Conversation, both in England and Germany, sometimes turns on the question whether or not the Emperor will be known to future generations as William "the Great." It is agreed on all sides that he will not take a place among the mediocrities or sink into oblivion. We have, though only negatively and indirectly, his own view of the matter, if, that is, it may be deduced from the fact that he has more than once tried to attach this epitheton ornans to the memory of his grandfather. At Hamburg in 1891 he desired a statue to the Emperor William I to bear the inscription "William the Great." The cool common sense of the cautious Hamburgers refused to anticipate the decision of posterity and placed on the pedestal the simple words "William the First." In deference to the Emperor's well-known wishes, if not at his request, the Hamburg-Amerika line of steamers christened one of their ocean greyhounds Wilhelm der Grosse. The mere fact that people discuss the question in his lifetime is of happy augury for the Emperor. Perhaps some other epithet will be found for him. "Puffing Billy" is one of his titles among English officers, taken from the name given locally to Stephenson's first locomotive. But history has many ranks in her peerage and many epithets at her disposal—great, good, fair, lionhearted, silent—that the Emperor will not have—and a host more. Maybe the greatest rulers were those whom history, as though in despair of finding a single term with which to do them justice, has refrained from decorating. Timur, Akbar, Attila, Julius Cæsar, Elizabeth, Victoria, Napoleon have no epithets, and need none. However, it is clear that a verdict on the Emperor's deserts is premature. Suppose him at the bar of history. The case is still proceeding, the evidence is not complete, counsel have not been heard, and—most obvious defect of any—the jury has not been impanelled.

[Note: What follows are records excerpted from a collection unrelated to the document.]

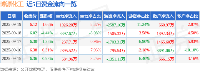 证券之星消息,截至2025年9月19日收盘,博源化工(000683)报收于6.12元,上涨1.66%,换手率1.13%,成交量37.61万手,成交额2.3亿元。
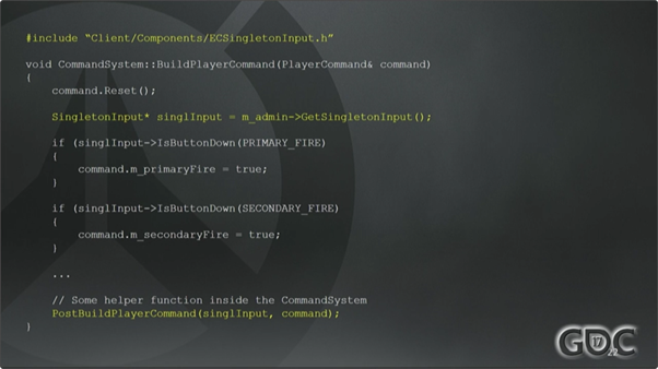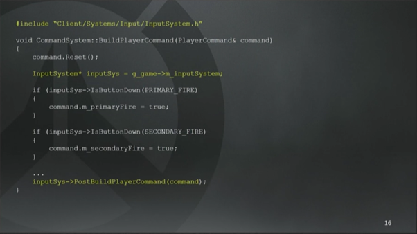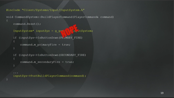 无论如何,这种方式撑了一阵子。我们在System里存储了一次性(one-off)的状态数据,然后提供了一个全局访问方式。从图16可以看到整个访问过程(译注:重点是g_game->m_inputSystem这一行)。
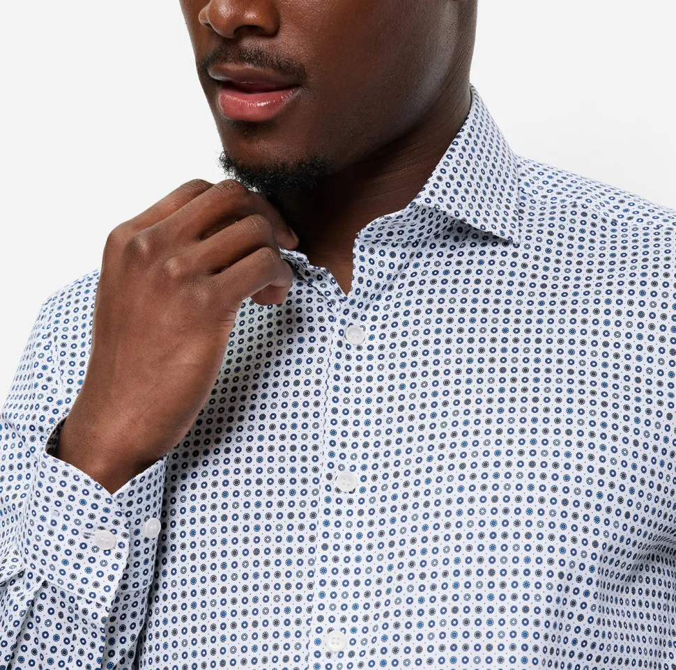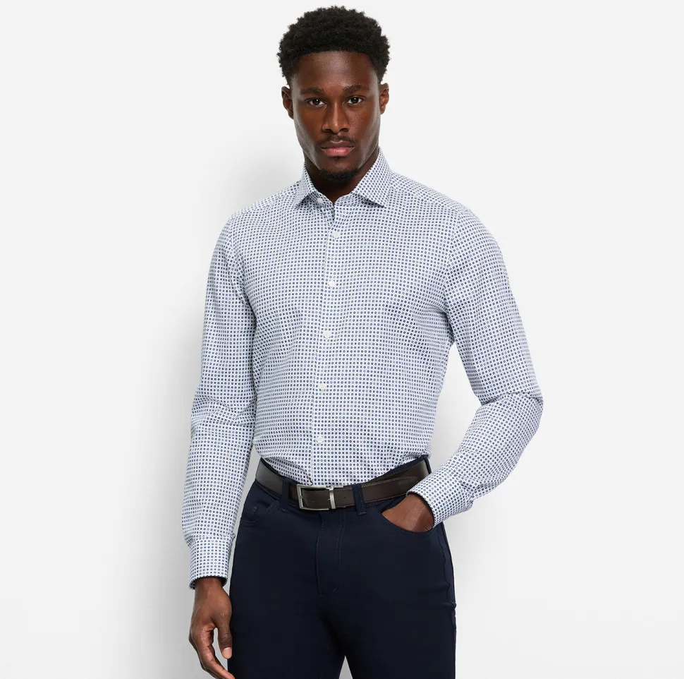 Tämä miellyttävän sileä Level Five Body Fit -business-paita on valmistettu joustavasta Comfort Stretch -materiaalista, se on muotonsa säilyttävä, ihoystävällinen ja erityisen helppohoitoinen. Graafisen minimalistisen muotoilunsa ansiosta se korostaa mitä tahansa muodikasta toimistotyyliä sekä huomaamattomasti että tehokkaasti. Tyylikäs ja rento, maskuliinisella Royal Kent -kauluksella ja pyöristetyllä helmalla.
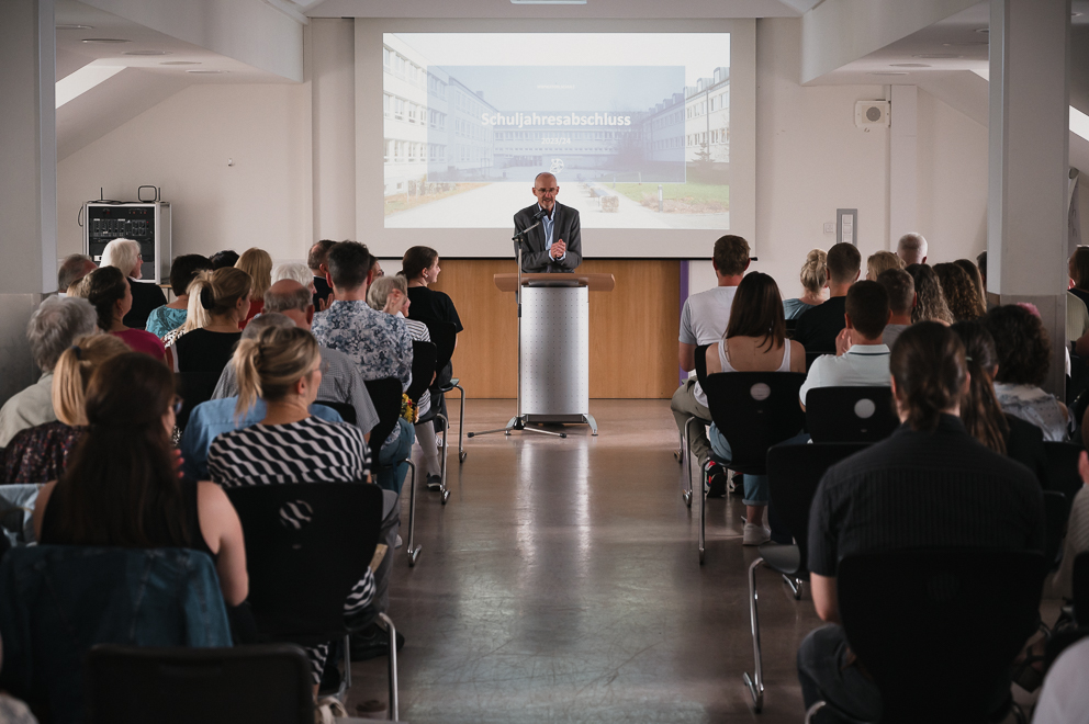 Auch für die Verabschiedung von Müller hatten sich die Fachschaften Musik und Religion sowie der Personalrat und die Schülerschaft etwas Besonderes einfallen lassen. Neben musikalischen Beiträgen kamen die Vorsitzende des Personalrates Karin Fischer, die Schülersprecherin Nele Vogel sowie die Leiterin des Schul- und Sportamts Petra Korges-Vieres zu Wort, um Müllers Engagement und seine Verdienste zu würdigen.

More than half a century has passed since the Emperor was born. How time flies!

"Alas, alas, O Postumus, Postumus,
The years glide by and are lost to us, lost to us."

But not the memories they enshrine. It is, let us imagine, the night of the Emperor's Jubilee, and he lies in the old Schloss, still awake, reflecting on the past. What a multitude of happenings, gay and grave, throng to his recollection, what a glorious and crowded canvas unrolls itself before his mental vision! The toy steamer on the Havel; the games in the palace corridors, with the grim features of the Great Elector betrayed, one is tempted to think, into a half-smile as he watches the innocent gaiety of the romping children from the old wainscoted walls; the irksome but disciplinary hours in the Cassel schoolroom; the youthful escapades with those carefree Borussian comrades at the university on the broad bosom of Father Rhine; the excursions and picnics among the Seven Hills; the visits to England, its crowded and bustling capital, its country seats with their pleasant lawns and stately oaks; the war-ships in the Solent, with their black mass and frowning guns, as they towered, like Milton's Leviathan, above his head.

What a good time it was, and how rich in manifold and picturesque impressions!

The canvas continues to unroll and a literary period opens—that age between youth and manhood, of all ages most passionate and ideal, when we are enthralled and moved by what we read—by those studies which

"adolescentiam agunt, senectutem oblectant, secundas res ornant, adversis perfugium ac solatium præbent, delectant domi, non impediunt foris; pernoctant nobiscum, peregrinantur, rusticantur."

It was the Lohengrin period, when, filled with the ardour and imaginativeness of high-souled youth, the future Emperor was dimly thinking of all he would do in the days to come for the happiness and prosperity of his people, nay, of all mankind.

Another tableau presents itself. Life has now become real and the Emperor's soldiering days have begun—never to conclude! His regiment is his world; parades and drills, the orderly-room and the barrack square occupy his time; and would seem monotonous and hard but for the little Eden with its Eve close beside them.

The Emperor turns uneasily, for his thoughts recur to the painful circumstances of his accession; but calmness soon succeeds as the curtain rises on the splendid panorama of the reign. He sees himself, a young and hitherto unknown actor, leaving the wings and taking the very centre of the stage, while the vast audience sits silent and attentive, as yet hardly grasping the significance of his words and gestures, emphatic though they are. And then he recalls the years of Sturm und Drang, the growth of Empire in spite of grudging rivals and of fellow-countrymen as yet not wholly conscious of their destinies, which one can now see constituted a whole drama in themselves, fraught with great consequences to the world.